Start of ENTRIES PROVIDED

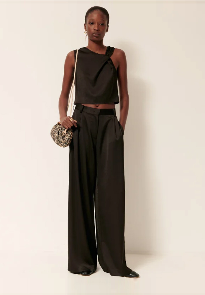Pantalón amplio en satén grueso ligeramente gofrado.
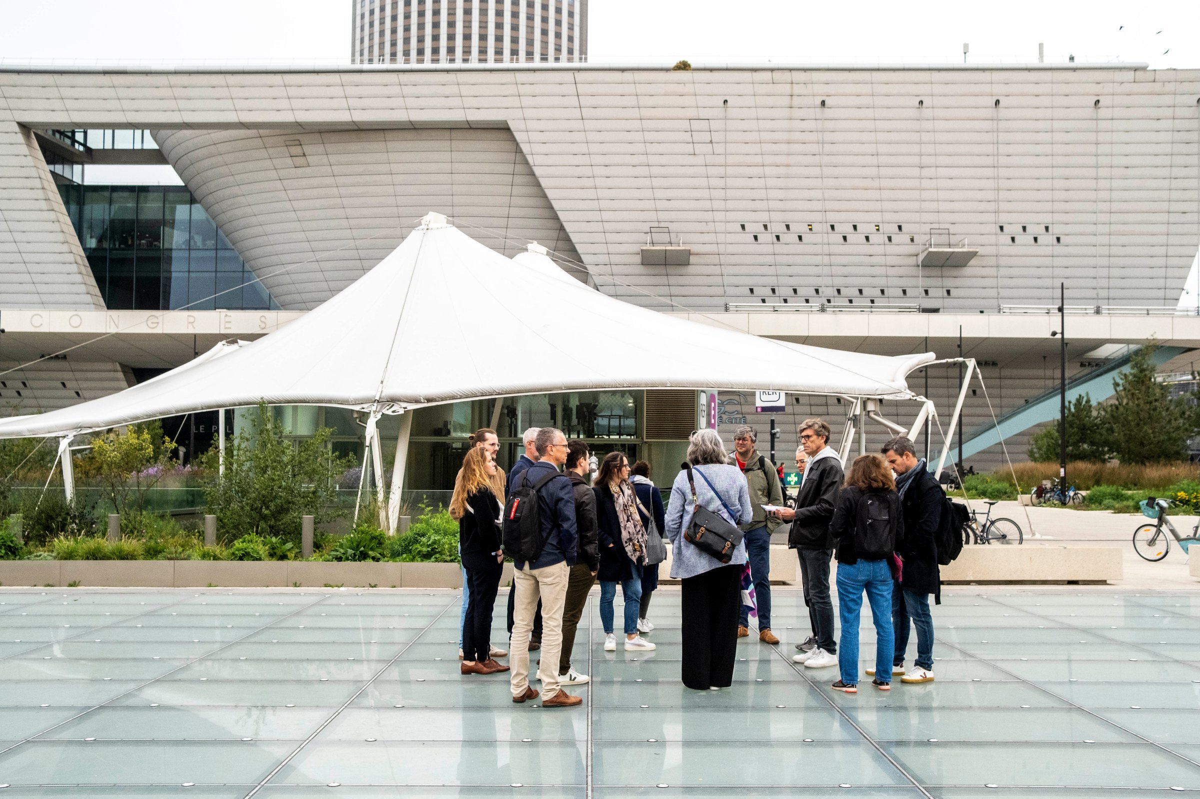 Seconde gare du prolongement, La Défense-Grande Arche se distingue avant tout par l’originalité de son emplacement. « La gare est localisée sous la voûte du Cnit et des bâtiments construits ensuite sous la voûte, constitué de 8 à 11 étages, dont 3 niveaux de parking, précise Aurélie Carnel. Nous avons réalisé une gare nécessitant l’excavation d’un volume de 110.000 m3 sous un bâtiment existant et sans en perturber le fonctionnement. Nous avons ainsi créé un espace sous le Cnit équivalent à la Tour Montparnasse à l’horizontale. Le premier enjeu a été de définir la méthode permettant de porter temporairement la structure des bâtiments sous la voute du Cnit le temps de créer les fondations de la nouvelle gare et les nouveaux appuis de ces bâtiments existants. Nous avons eu recours à une reprise en sous-œuvre, une technique connue mais encore jamais employée sur une telle surface pour un projet de cette ampleur ». Pour cela, des fondations provisoires ont été créées sur 120 poteaux structurels du bâtiment sous la voute du Cnit.
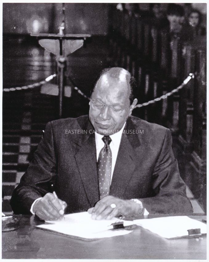 Los Angeles Mayor Tom Bradley signs the Long-Term Water Agreement. Image is a black and white, grainy copy.
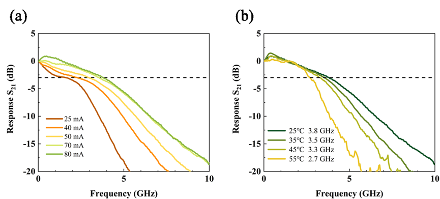 1 器件在(a)室温变电流及(b)变温条件下的小信号频率响应
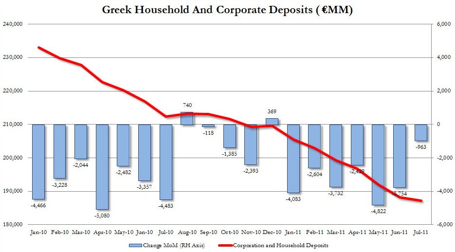La delicada situación de la banca griega se ha visto agravada por la constante fuga de depósitos que sufre en los últimos meses por parte de particulares y empresas. En concreto, el volumen total de depósitos bancarios ha caído desde los 233.000 millones de euros en enero de 2010 hasta apenas 187.000 el pasado julio (pinchar en la imagen para ampliar). Es decir, cerca de 46.000 millones de euros -el 20% de los depósitos- han huido del país.
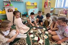 В 7 группе дети с воспитателем Айгуль Занифовной поиграли в игру «Play with bottle». Правила игры: неограниченное количество игроков садятся в круг/за стол; раскладываются карточки (в зависимости от изучаемой темы - животные, фрукты, одежда) лицевой стороной вниз. Игрок раскручивает бутылку (let’s spin the bottle), попавшую карточку переворачивает (turn it over) и отвечает на вопрос «What’s this?» (Что это?) - «This is plum/watermelon etc».
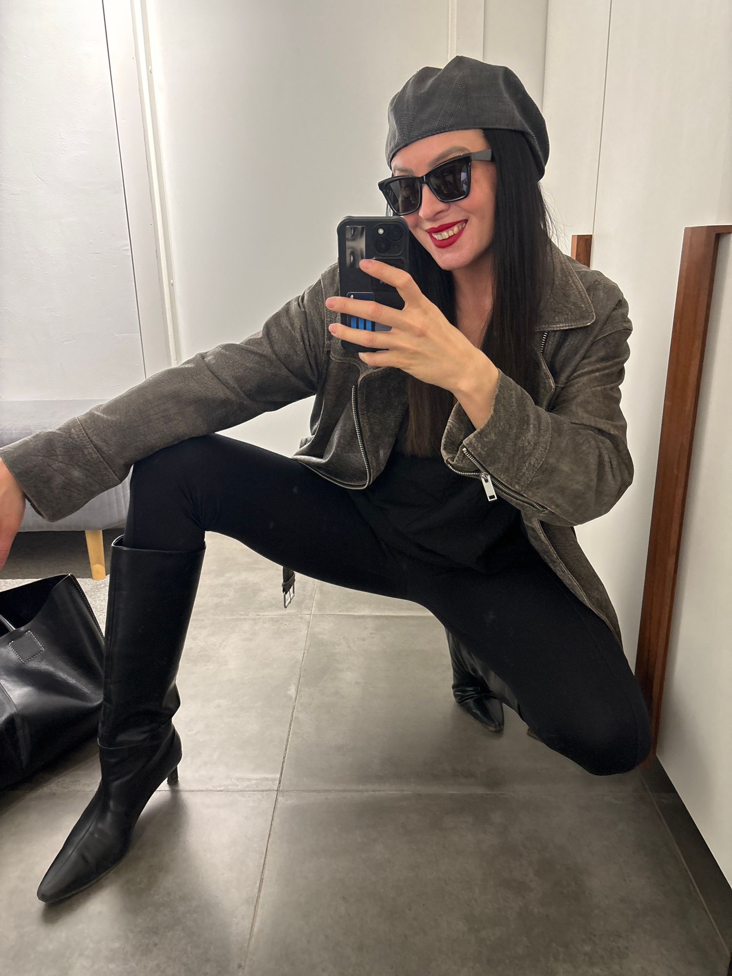 The image shows a woman taking a selfie in what appears to be a fitting room. She is crouching, facing the mirror, holding her phone up to capture the image. She is wearing a grey cap, sunglasses, a g…read more
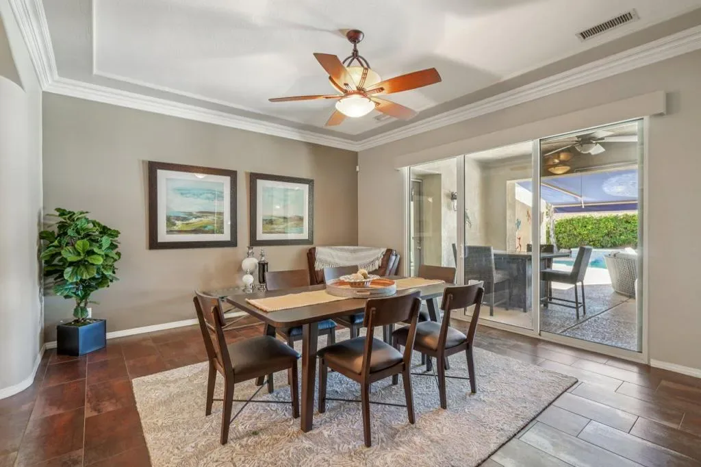Best-Value Solar Home in St. Augustine with NEM 2.0 & Resort-Style BackyardLocated within the prestigious gated community of St. Augustine, this beautifully upgraded 4-bedroom, 3-bath residence offers 3,650 sq ft of refined desert living on a large south-facing lot, featuring highly desirable NEM 2.0 solar for significant long-term energy savings.A private gated slate courtyard sets the tone, leading into an elegant interior featuring high ceilings, crown molding, custom built-ins, and multiple living spaces designed for both comfort and entertaining. The formal living area showcases a fireplace and seamless indoor-outdoor flow, while the former dining room has been thoughtfully converted into a high-end media room.The gourmet kitchen is the heart of the home, complete with expansive counter space, a large center island with gas cooktop, granite surfaces, stainless steel appliances, walk-in pantry, and a butler’s pantry–opening effortlessly to the spacious family room with a raised fireplace.The luxurious primary suite offers direct access to the backyard and features a spa-inspired bath with dual vanities, soaking tub, walk-in shower, and generous closet space. Two additional guest bedrooms provide comfort and flexibility, while the attached casita with private courtyard entrance is ideal for guests or multigenerational living.Step outside to your own private resort-style backyard, featuring newly refreshed landscaping, a covered patio, sparkling pool and spa, built-in BBQ, misting system, and ultimate privacy–perfect for enjoying the desert lifestyle year-round.Additional highlights include a 2-car plus golf cart garage, interior laundry room, smart home features, and more.St. Augustine offers a secure, beautifully maintained environment with low HOA dues, plus amenities including a 7-acre park, scenic lakes, walking paths, fountains, and tennis courts–making it one of the most desirable gated communities in the area.

End of ENTRIES PROVIDED

• **WORK INSTRUCTIONS**: Repeat the records in full, exactly as they appear, but with the pictures removed.

• **ANSWER TO THIS EXERCISE**:
Pantalón amplio en satén grueso ligeramente gofrado.
 Seconde gare du prolongement, La Défense-Grande Arche se distingue avant tout par l’originalité de son emplacement. « La gare est localisée sous la voûte du Cnit et des bâtiments construits ensuite sous la voûte, constitué de 8 à 11 étages, dont 3 niveaux de parking, précise Aurélie Carnel. Nous avons réalisé une gare nécessitant l’excavation d’un volume de 110.000 m3 sous un bâtiment existant et sans en perturber le fonctionnement. Nous avons ainsi créé un espace sous le Cnit équivalent à la Tour Montparnasse à l’horizontale. Le premier enjeu a été de définir la méthode permettant de porter temporairement la structure des bâtiments sous la voute du Cnit le temps de créer les fondations de la nouvelle gare et les nouveaux appuis de ces bâtiments existants. Nous avons eu recours à une reprise en sous-œuvre, une technique connue mais encore jamais employée sur une telle surface pour un projet de cette ampleur ». Pour cela, des fondations provisoires ont été créées sur 120 poteaux structurels du bâtiment sous la voute du Cnit.
 Los Angeles Mayor Tom Bradley signs the Long-Term Water Agreement. Image is a black and white, grainy copy.
 1 器件在(a)室温变电流及(b)变温条件下的小信号频率响应
La delicada situación de la banca griega se ha visto agravada por la constante fuga de depósitos que sufre en los últimos meses por parte de particulares y empresas. En concreto, el volumen total de depósitos bancarios ha caído desde los 233.000 millones de euros en enero de 2010 hasta apenas 187.000 el pasado julio (pinchar en la imagen para ampliar). Es decir, cerca de 46.000 millones de euros -el 20% de los depósitos- han huido del país.
 В 7 группе дети с воспитателем Айгуль Занифовной поиграли в игру «Play with bottle». Правила игры: неограниченное количество игроков садятся в круг/за стол; раскладываются карточки (в зависимости от изучаемой темы - животные, фрукты, одежда) лицевой стороной вниз. Игрок раскручивает бутылку (let’s spin the bottle), попавшую карточку переворачивает (turn it over) и отвечает на вопрос «What’s this?» (Что это?) - «This is plum/watermelon etc».
 The image shows a woman taking a selfie in what appears to be a fitting room. She is crouching, facing the mirror, holding her phone up to capture the image. She is wearing a grey cap, sunglasses, a g…read more
Best-Value Solar Home in St. Augustine with NEM 2.0 & Resort-Style BackyardLocated within the prestigious gated community of St. Augustine, this beautifully upgraded 4-bedroom, 3-bath residence offers 3,650 sq ft of refined desert living on a large south-facing lot, featuring highly desirable NEM 2.0 solar for significant long-term energy savings.A private gated slate courtyard sets the tone, leading into an elegant interior featuring high ceilings, crown molding, custom built-ins, and multiple living spaces designed for both comfort and entertaining. The formal living area showcases a fireplace and seamless indoor-outdoor flow, while the former dining room has been thoughtfully converted into a high-end media room.The gourmet kitchen is the heart of the home, complete with expansive counter space, a large center island with gas cooktop, granite surfaces, stainless steel appliances, walk-in pantry, and a butler’s pantry–opening effortlessly to the spacious family room with a raised fireplace.The luxurious primary suite offers direct access to the backyard and features a spa-inspired bath with dual vanities, soaking tub, walk-in shower, and generous closet space. Two additional guest bedrooms provide comfort and flexibility, while the attached casita with private courtyard entrance is ideal for guests or multigenerational living.Step outside to your own private resort-style backyard, featuring newly refreshed landscaping, a covered patio, sparkling pool and spa, built-in BBQ, misting system, and ultimate privacy–perfect for enjoying the desert lifestyle year-round.Additional highlights include a 2-car plus golf cart garage, interior laundry room, smart home features, and more.St. Augustine offers a secure, beautifully maintained environment with low HOA dues, plus amenities including a 7-acre park, scenic lakes, walking paths, fountains, and tennis courts–making it one of the most desirable gated communities in the area.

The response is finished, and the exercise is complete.